# What oil does GM use



## RyanPatty (Sep 28, 2012)

What oil is going into my car when I take it to the dealer, they also say wait till the oil light monitor thing lets you know to change your oil but I don't I like it get down to 35-40% which is around 11,000 km. what is best for this car??


----------



## mcg75 (Mar 5, 2012)

It's been proven by independent aftermarket testing that the Dexos oil in the Cruze does not hold up for the length of the oil life monitor. 

Personally, I would not go beyond 5k miles or 8000 kms using Dexos. 

A quality full synthetic like Mobil 1, Pennzoil Platinum or Amsoil and I would follow the OLM no problem.


----------



## RyanPatty (Sep 28, 2012)

Anyway of getting my oil done by someone other then GM and o void warranty or could I spend a little more and get them to put in synthetic oil??


----------



## mcg75 (Mar 5, 2012)

RyanPatty said:


> Anyway of getting my oil done by someone other then GM and o void warranty or could I spend a little more and get them to put in synthetic oil??


You can have the service done by the shop of your choice as long as you keep the receipt in case you need it for warranty. It would be a good idea to use a Dexos approved synthetic oil as well simply to save the hassle of having it called into question if you ever needed engine warranty.


----------



## obermd (Mar 3, 2012)

GM dealerships use a semi-synthetic AC Delco oil that is Dexos 1 approved. As for oil changes elsewhere, just ensure they use a Dexos 1 oil and keep your receipts.


----------



## rodneyiii (Oct 23, 2012)

mcg75 said:


> It's been proven by independent aftermarket testing that the Dexos oil in the Cruze does not hold up for the length of the oil life monitor.

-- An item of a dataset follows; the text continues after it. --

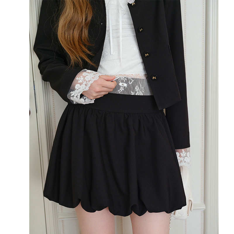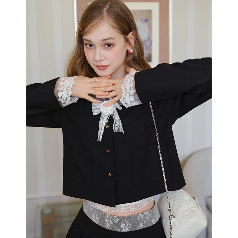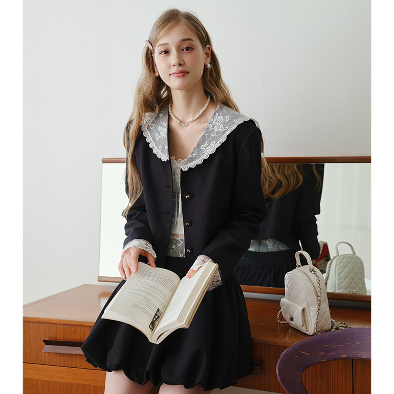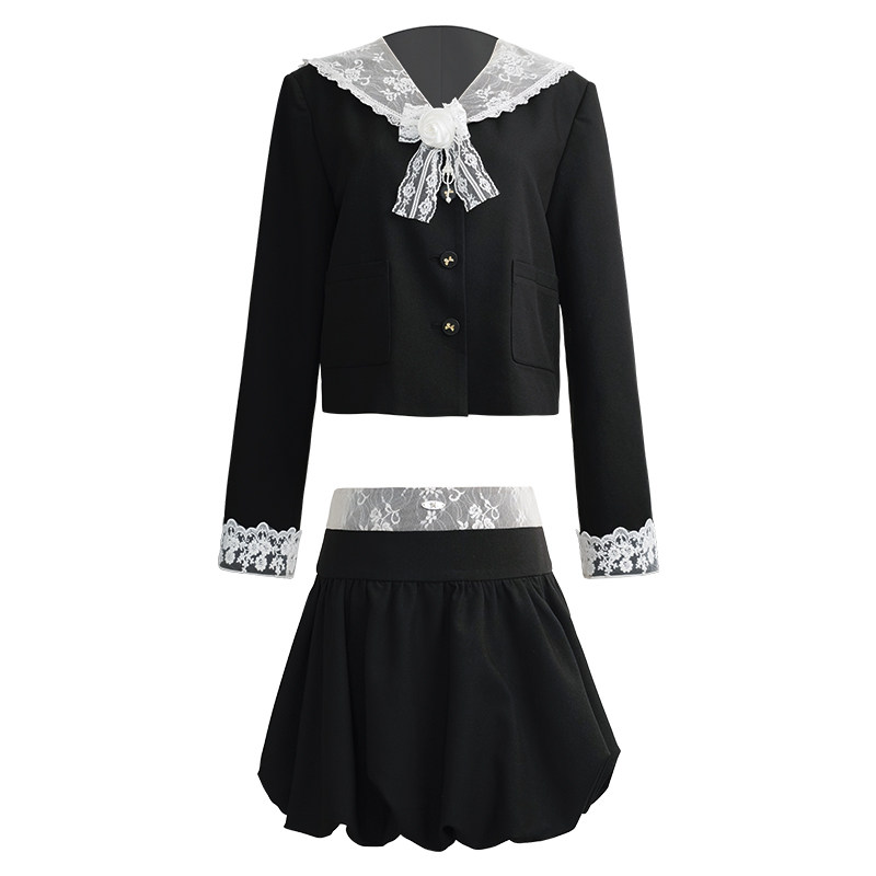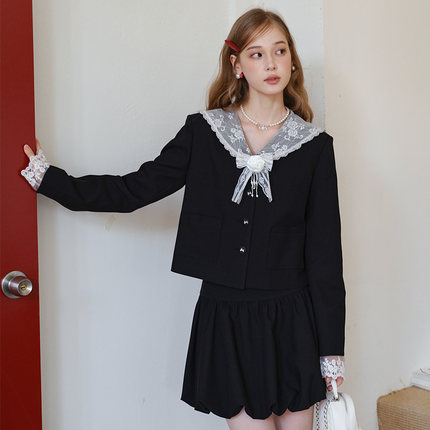 2026学院风黑色套装裙蕾丝海军领外套短款云朵花苞半身裙春秋女装
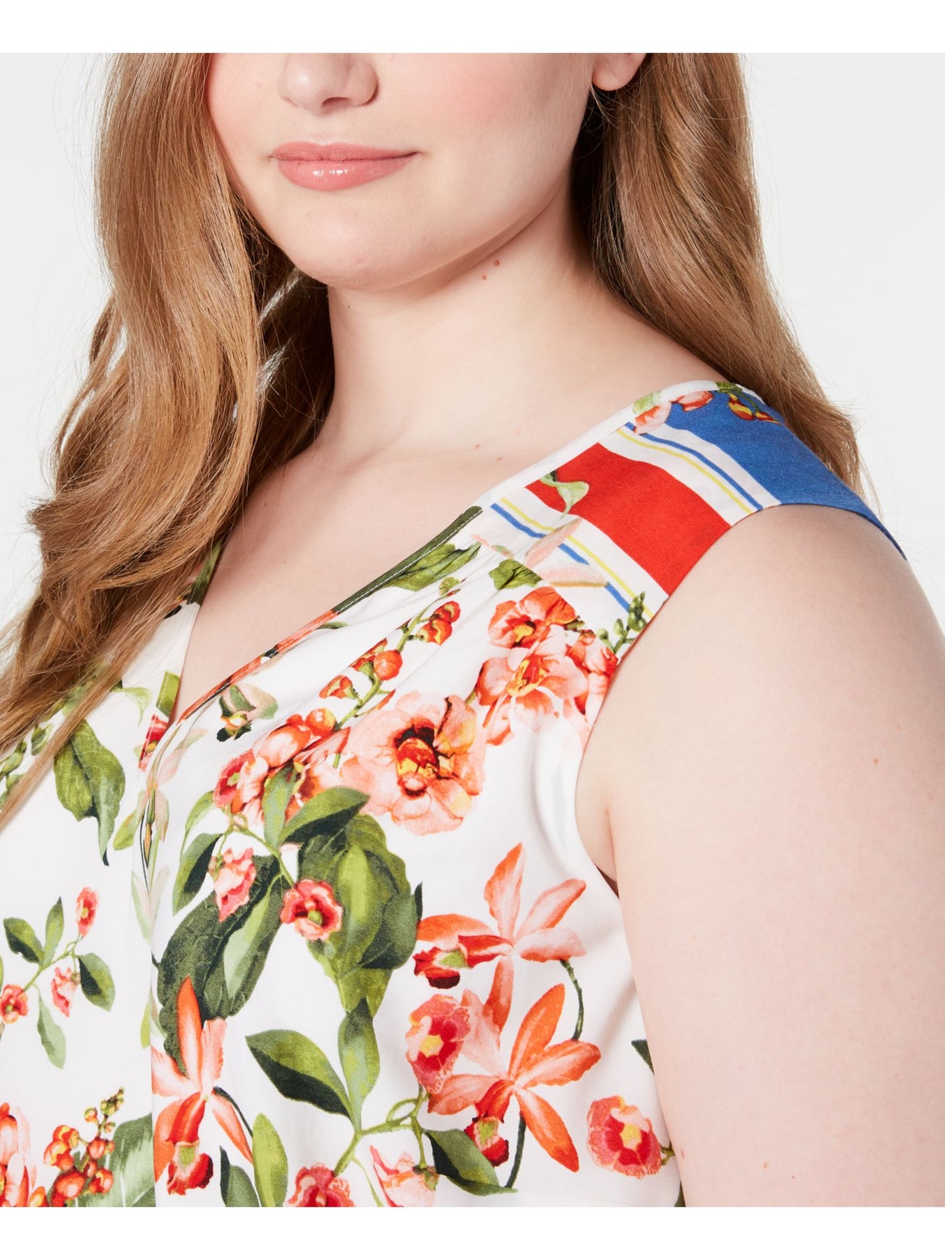 TOMMY HILFIGER Womens Floral Sleeveless V Neck Midi Fit + Flare Dress

Can you provide links to this testing?


----------



## mcg75 (Mar 5, 2012)

rodneyiii said:


> Can you provide links to this testing?


http://www.cruzetalk.com/forum/34-1-4l-turbo/4759-oil-analysis-results-2.html


----------



## DonnieZcruzE (Nov 24, 2012)

GM dexos Licensed Products FTW! Used in all my stuff for years. Had one tear down to actually get to see if the syntho is really does what it says. Sure enough, cylinder walls were smooth. Intake valley and lifter bores all clean from sludge. SBF V8 w/98k on it. Go with what ya know.


----------



## fastdriver (Jan 7, 2011)

Does every GM dealer use *GM* oil or something comparable?


----------



## GoldenCruze (Dec 18, 2011)

fastdriver said:


> Does every GM dealer use *GM* oil or something comparable?


GM uses the AC Delco Dexos oil in all of the dealerships, along with Mobile 1 for the models that require it. If in doubt, ask the oil change guys.

Not long after I got my Cruze I did road trip and wanted a spare quart of oil to take along. I went to the quick service building at my dealership to buy a quart. They didn't have bottles of the Dexos stuff, so they grabbed an empty Mobile 1 quart bottle, filled it from the drum with Dexos and gave it to me. No charge!

I like my dealership. A year later I still have that full bottle in the trunk right next to the spare tire. I simply do not need to add oil between changes.


----------



## lilmrsyeti (Mar 3, 2012)

RyanPatty said:


> Anyway of getting my oil done by someone other then GM and o void warranty or could I spend a little more and get them to put in synthetic oil??


Like others have stated, you can go any where of your choosing to get your oil done. Just make sure they are using the right oil. You can save a good bit of change by going to Walmart and getting Mobil full synthetic and change it yourself. Yes, your dealer will use Full Synthetic if you request it..they charge a good bit more for it there though. You'll get more miles in between oil changes if you go Full Synthetic.


----------